Where organisations can foster cross-disciplinary collaboration they will avoid an AI-generated echo chamber of “expected” solutions.

Finally, it’s worth harking back to Daniel Kahneman’s research on “Slow Thinking”. If creative problem solving success is measured purely in speed and efficiency, AI will always win over human creativity. But research suggests that the best ideas often come from slow, iterative processes, where insights emerge over time, through reflection and discussion.

Keeping Creativity Alive

AI is a powerful tool, but it shouldn’t define creativity; it should enhance it. The challenge now is building systems that keep humans in control of creative problem-solving, ensuring that AI is a partner, not the main event.
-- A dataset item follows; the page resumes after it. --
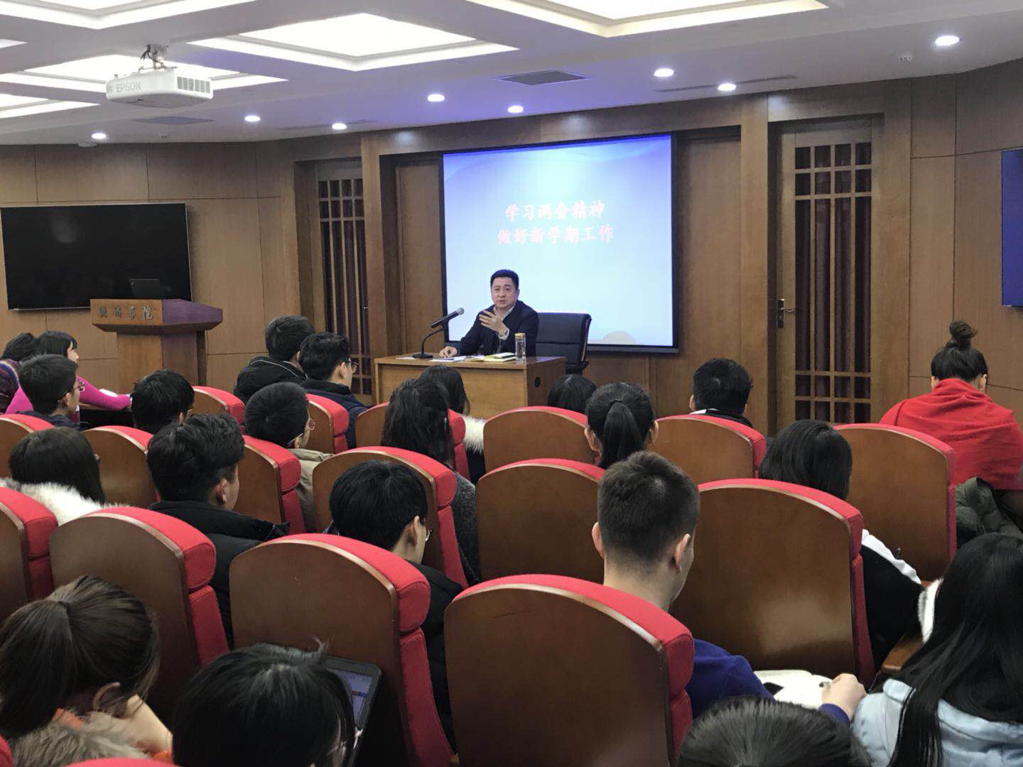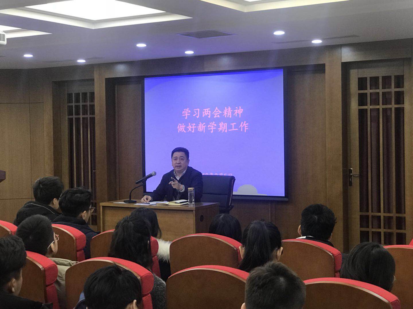 为深入学习领会“两会”精神,ylzzcom永利总站线路检测党委于2018年3月5日下午在东荣804会议室召开“学习两会精神、部署新学期工作”会议。学院各系主任、行政人员、本科生及研究生全体学生干部参加了会议,会议由党委书记陈密主持。

Because here’s the reality: If we don’t actively work to sustain human ingenuity, we won’t just lose our ability to create. We might even lose our ability to think.

Further reading:

  • Brown, T. (2009). Change by Design: How Design Thinking Creates New Alternatives for Business and Society. HarperBusiness.
    Kahneman, D. (2011). Thinking, Fast and Slow. Farrar, Straus and Giroux.
  • Finke, R. A., Ward, T. B., & Smith, S. M. (1992). Creative cognition: Theory, research, and applications. The MIT Press.